Multi-family versus a duplex

4 Replies

I have been having good success with SFR rentals, but am now being offered a duplex and is will be a good deal. SFR's were 3/1 duplex is 2-2/1's. can anyone give me an idea of change in vacancy rates or tenant quality. I realize this will change with the market, but just general experiences would be good. As always I appreciate the input.

@Troy Forney

Overall, multi-family is for cash flow. SFR is for appreciation. If you have duplex, triplex, or quad, the goal is to keep occupied 100%, however, sometimes there are vacancies. If one vacant, can still cash flow small positive. If two, then will go into negative. If your SFR is vacant, then surely 100% negative. By comparison, multi-units will probably never be more than 50% vacant. You need to be proactive. Tenant quality depends on area. Better the area, better the tenants.

I tend to lean towards cashflow, and build up bank account more quickly. There is a appreciation factor but not to the extent of SFR. If you look any city, for example, Las Vegas, there is many more listings for SFR than multi-family. I can net about 700-800 per month for one of my 4plex (30 year fix 5%), and net about 600 on the other 4plex (15 year fix at 4%).

It's a chicken or egg question.


A duplex will have higher turnover and different tenant base. Generally, duplex units rent for less than a similar sized (bed/bath count) SFR, so the tenant base will be different. If you are in an area where the rents and sizing of each duplex unit is similar to the SFR's, than you will get lesser qualified tenants.

The cashflow is much better with a duplex than SFR's, no question about it, and worth the added work. You may also have additional work managing the property, since things like yards are shared and often need to be maintained by the landlord.

A duplex is a multi-family property. 

In some jurisdictions there are additional requirements for owners of multi-family properties. For example, in our jurisdiction landlords must establish and pay for garbage/recycling service for multifamily properties, but can require tenants of SFRs to put that service in their own name. 

Also, some multifamily properties have separate utilities (water, electric, gas/oil) and some don't. If the utilities aren't separately metered, then you'll need to pay for those utilities and figure a different way to determine each tenant's share. Then build that into your rent structure.

Multi-family properties have common areas that must be maintained. Determine how you plan to do this and factor it into your rent. Don't count on shifting that responsibility onto the tenants, as that can be unrealistic and/or difficult to manage.

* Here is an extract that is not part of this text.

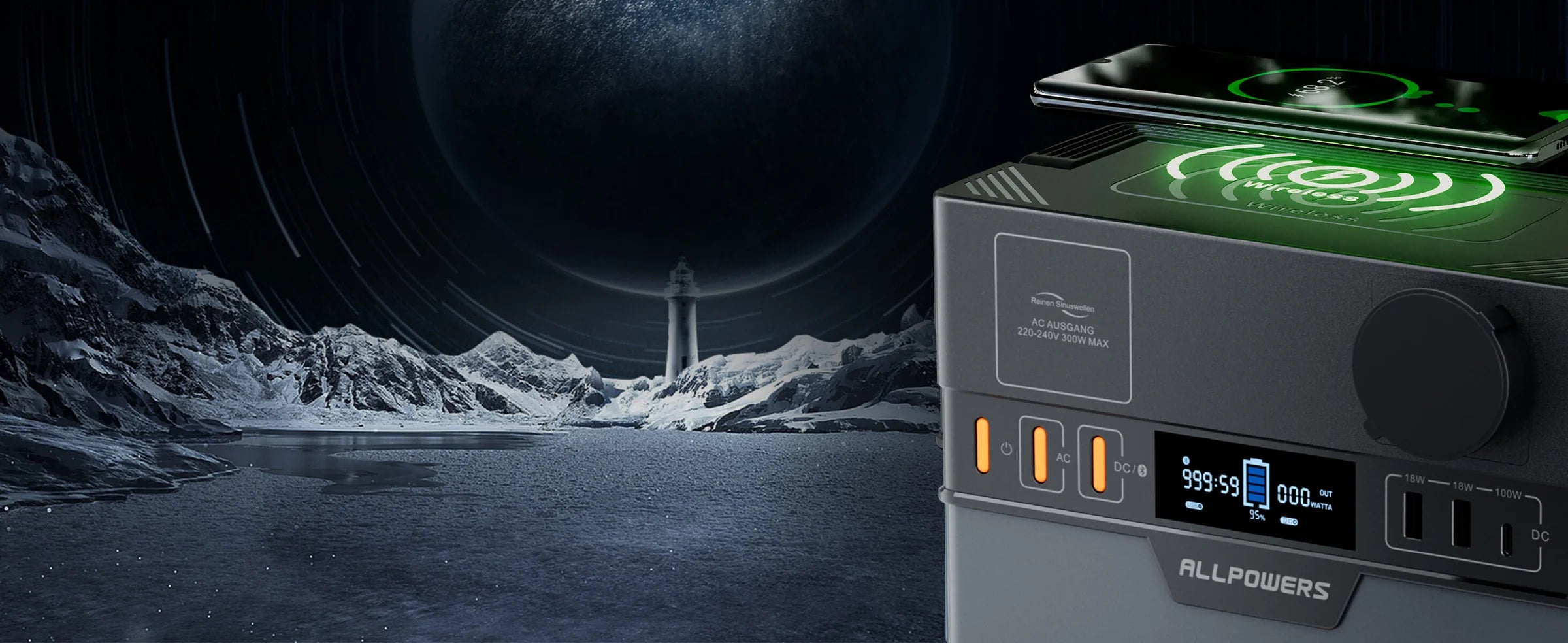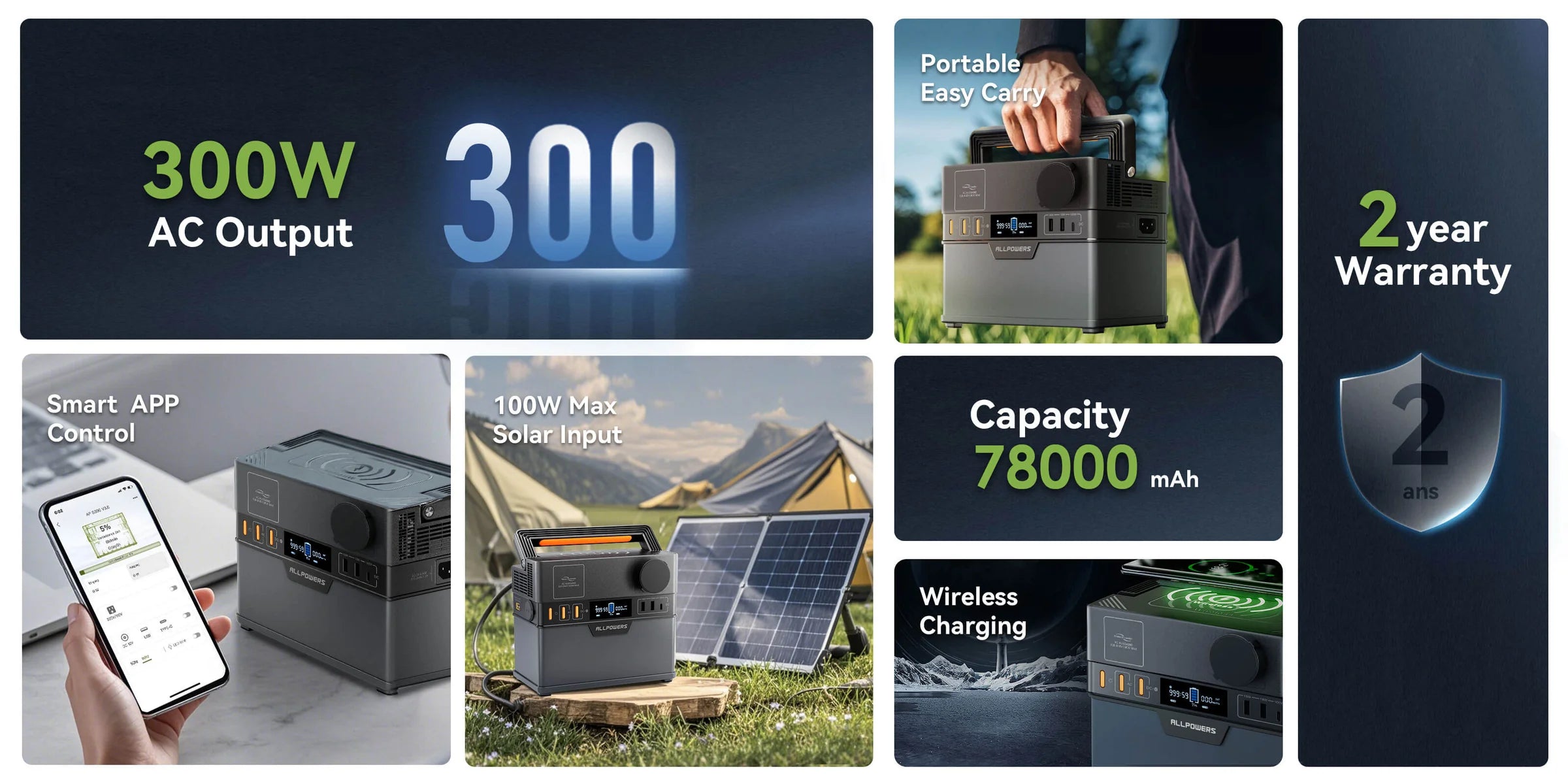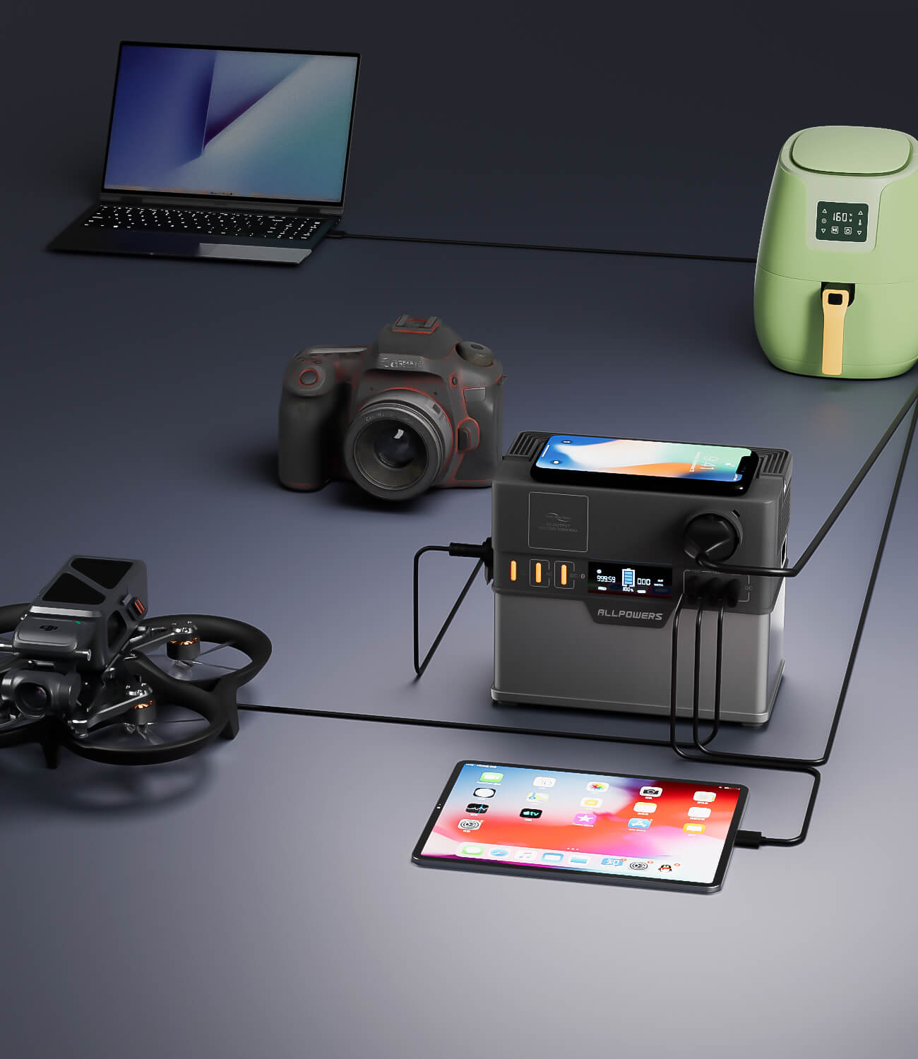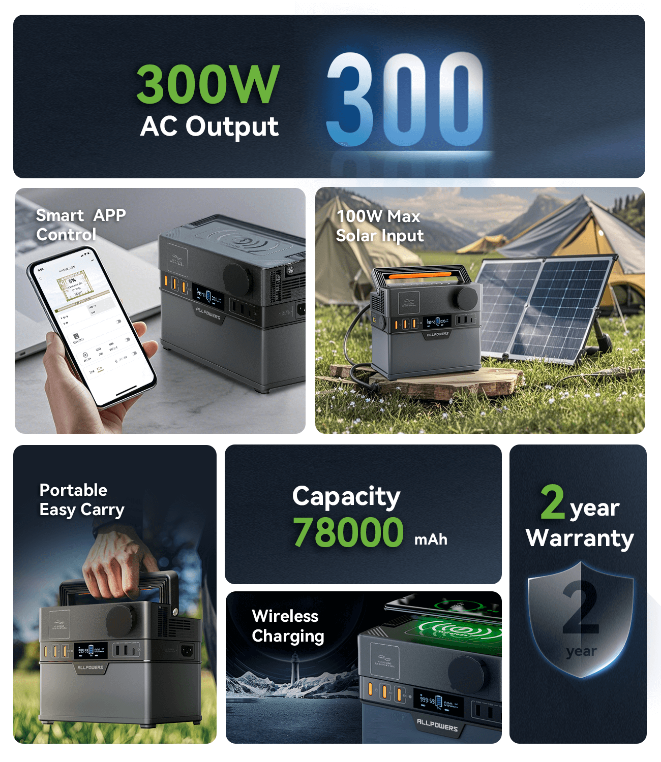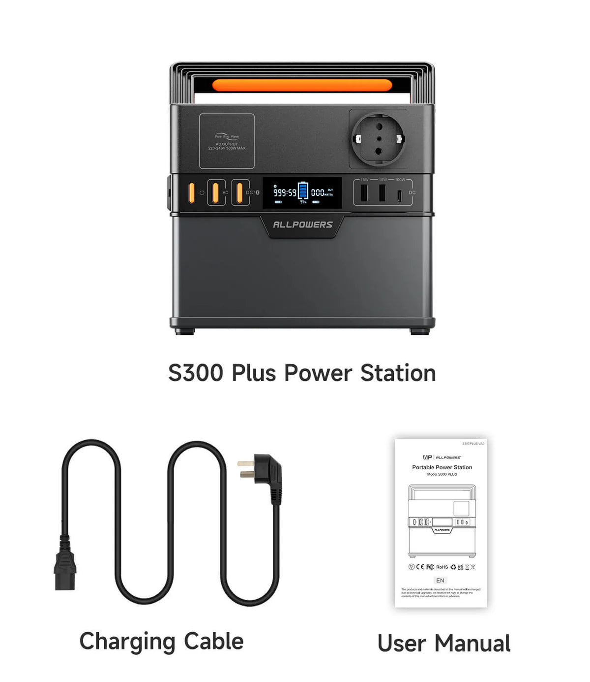 ALLPOWERS S300 Plus portable power station is equipped with a 288 watt-hour battery pack. Portable power source features 1*AC ports (220V-240v), 300W(peak 600w),2*USB-A ports,1*, 1*USB-C ports ,1*Cigarette lighter socket(12V/8.5A) and a wireless charger(5V/1A) at the top. Allpowers portable power station gives you the ports you need to charge all of your devices at the same time.

Duplex properties can generate more revenue with less expense. One property tax bill, one roof/gutter/drainage system to maintain, and one insurance policy. 

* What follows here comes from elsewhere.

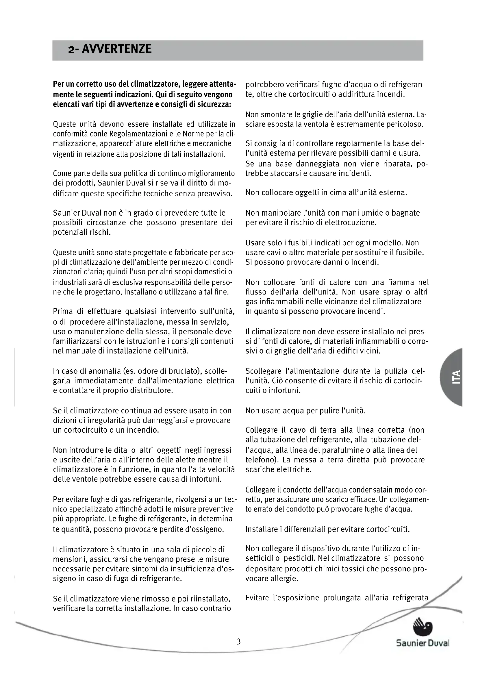 Per un corretto uso del climatizzatore, leggere attenta- mente le seguenti indicazioni. Qui di seguito vengono elencati vari tipi di avvertenze e consigli di sicurezza: Queste unità devono essere installate ed utilizzate in conformità conle Regolamentazioni e le Norme per la cli- matizzazione, apparecchiature elettriche e meccaniche vigenti in relazione alla posizione di tali installazioni. Come parte della sua politica di continuo miglioramento dei prodotti, Saunier Duval si riserva il diritto di mo- dificare queste specifiche tecniche senza preavviso. Saunier Duval non è in grado di prevedere tutte le possibili circostanze che possono presentare dei potenziali rischi. Queste unità sono state progettate e fabbricate per sco- pi di climatizzazione dell’ambiente per mezzo di condi- zionatori d’aria; quindi l’uso per altri scopi domestici o industriali sarà di esclusiva responsabilità delle perso- ne che le progettano, installano o utilizzano a tal fine. Prima di effettuare qualsiasi intervento sull’unità, o di procedere all’installazione, messa in servizio, uso o manutenzione della stessa, il personale deve familiarizzarsi con le istruzioni e i consigli contenuti nel manuale di installazione dell’unità. In caso di anomalia (es. odore di bruciato), scolle- garla immediatamente dall’alimentazione elettrica e contattare il proprio distributore. Se il climatizzatore continua ad essere usato in con- dizioni di irregolarità può danneggiarsi e provocare un cortocircuito o un incendio. Non introdurre le dita o altri oggetti negli ingressi e uscite dell’aria o all’interno delle alette mentre il climatizzatore è in funzione, in quanto l’alta velocità delle ventole potrebbe essere causa di infortuni. Per evitare fughe di gas refrigerante, rivolgersi a un tec- nico specializzato affinché adotti le misure preventive più appropriate. Le fughe di refrigerante, in determina- te quantità, possono provocare perdite d’ossigeno. Il climatizzatore è situato in una sala di piccole di- mensioni, assicurarsi che vengano prese le misure necessarie per evitare sintomi da insufficienza d’os- sigeno in caso di fuga di refrigerante. Se il climatizzatore viene rimosso e poi riinstallato, verificare la corretta installazione. In caso contrario potrebbero verificarsi fughe d’acqua o di refrigeran- te, oltre che cortocircuiti o addirittura incendi. Non smontare le griglie dell’aria dell’unità esterna. La- sciare esposta la ventola è estremamente pericoloso. Si consiglia di controllare regolarmente la base del- l’unità esterna per rilevare possibili danni e usura. Se una base danneggiata non viene riparata, po- trebbe staccarsi e causare incidenti. Non collocare oggetti in cima all’unità esterna. Non manipolare l’unità con mani umide o bagnate per evitare il rischio di elettrocuzione. Usare solo i fusibili indicati per ogni modello. Non usare cavi o altro materiale per sostituire il fusibile. Si possono provocare danni o incendi. Non collocare fonti di calore con una fiamma nel flusso dell’aria dell’unità. Non usare spray o altri gas infiammabili nelle vicinanze del climatizzatore in quanto si possono provocare incendi. Il climatizzatore non deve essere installato nei pres- si di fonti di calore, di materiali infiammabili o corro- sivi o di griglie dell’aria di edifici vicini. Scollegare l’alimentazione durante la pulizia del- l’unità. Ciò consente di evitare il rischio di cortocir- cuiti o infortuni. Non usare acqua per pulire l’unità. Collegare il cavo di terra alla linea corretta (non alla tubazione del refrigerante, alla tubazione del- l’acqua, alla linea del parafulmine o alla linea del telefono). La messa a terra diretta può provocare scariche elettriche. Collegare il condotto dell’acqua condensatain modo cor- retto, per assicurare uno scarico efficace. Un collegamen- to errato del condotto può provocare fughe d’acqua. Installare i differenziali per evitare cortocircuiti. Non collegare il dispositivo durante l’utilizzo di in- setticidi o pesticidi. Nel climatizzatore si possono depositare prodotti chimici tossici che possono pro- vocare allergie. Evitare l’esposizione prolungata all’aria refrigerata54 ITA
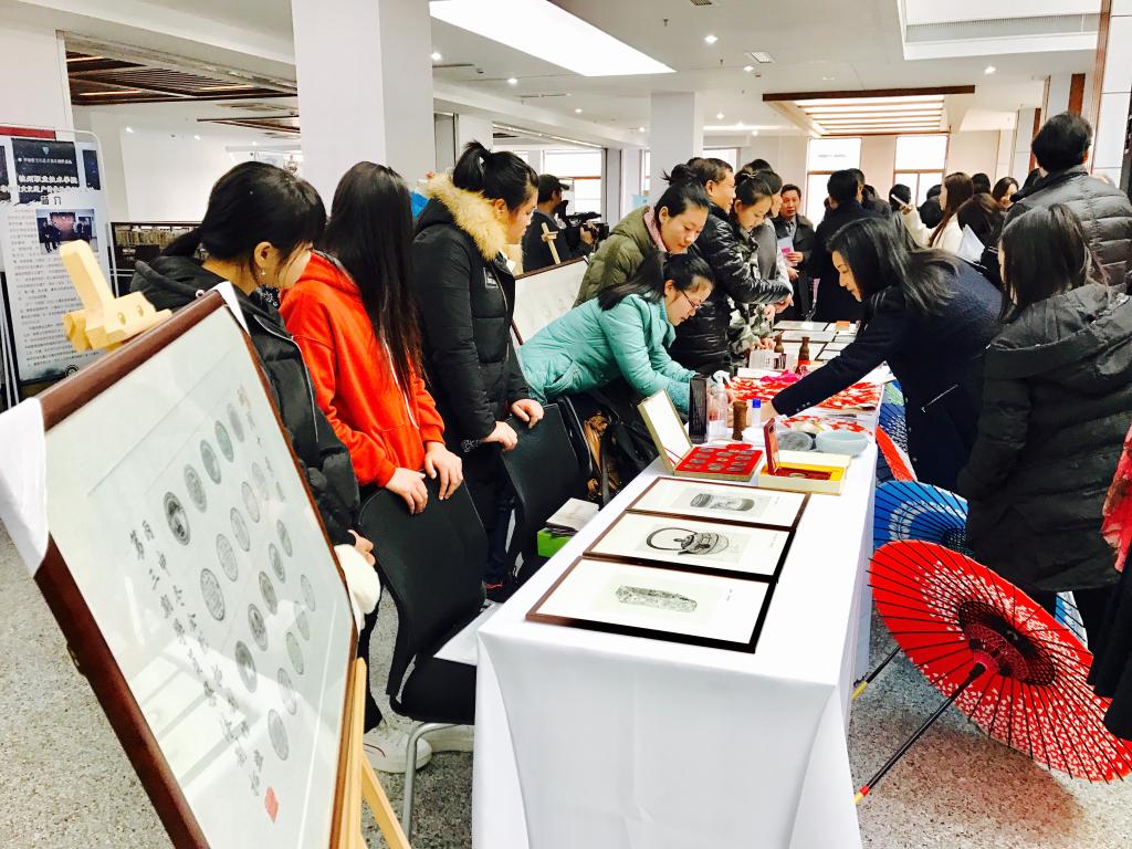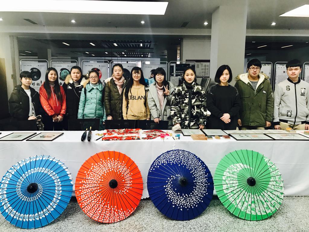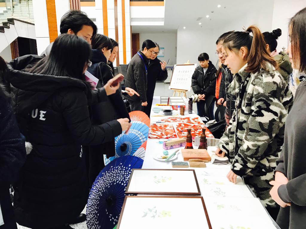 在当天的非遗教学成果展上,五所高校纷纷带来了各校非物质文化遗产的教学成果,不少师生被吸引,展览现场非常热闹。我校的五个非遗项目金石篆刻、雕版印刷、中式旗袍制作、纸伞制作、全形拓都参加了展出,是五所高校中展出项目最多,作品最丰富的。来自非遗班的10名学生,展示了他们的非遗作品,现场展示他们从非遗传承人手中学得的技艺。有的现场小心翼翼地糊纸伞、有的一刀一刀地刻雕板,他们虽然年轻,技艺也不算成熟,但都非常认真。从他们身上,可以看到老一代非遗传承人“工匠精神”的传承。我校的非遗教学成果得到了杭州市教育局领导的高度肯定。

However, two sets of tenant files (including tenant screening documents, rental agreements, and correspondence). Two hot water heaters, two HVAC systems, two sets of locks, two mailboxes, to front doors with doorbells, two sets of porch lights, etc.

The people on one side of the building can affect the quality of life for the people on the other side. Good or bad. Be prepared to do things to enhance the ability for tenants of both sides to get along. Treat the tenants equally and fairly, don't play favorites. Be prepared to referee if necessary.

In our portfolio we have a SFR and a duplex on adjacent lots. The tenant in the house has lived there for 15 years and so has the tenant on one side of the duplex. At another multifamily property of ours we have two tenants who have rented their apartments for more than 20 years. So it's hard to draw any hard and fast conclusions about length of tenancy. In fact many of the tenants in our SFRs tend to move on to purchase their own houses, whereas many of the tenants of our multifamily properties are on fixed income and/or are elderly and intend to continue to rent.

The quality of tenant will depend on the quality of the neighborhood, the quality of the building, the management style of the landlord, the lifestyle the tenants are seeking and what they can afford.

Great thank you all.  We use a property manager and I have been working with him also.  It seems we will be buying our duplex.  This will be are first to meet the 2% rule.  So excited about that.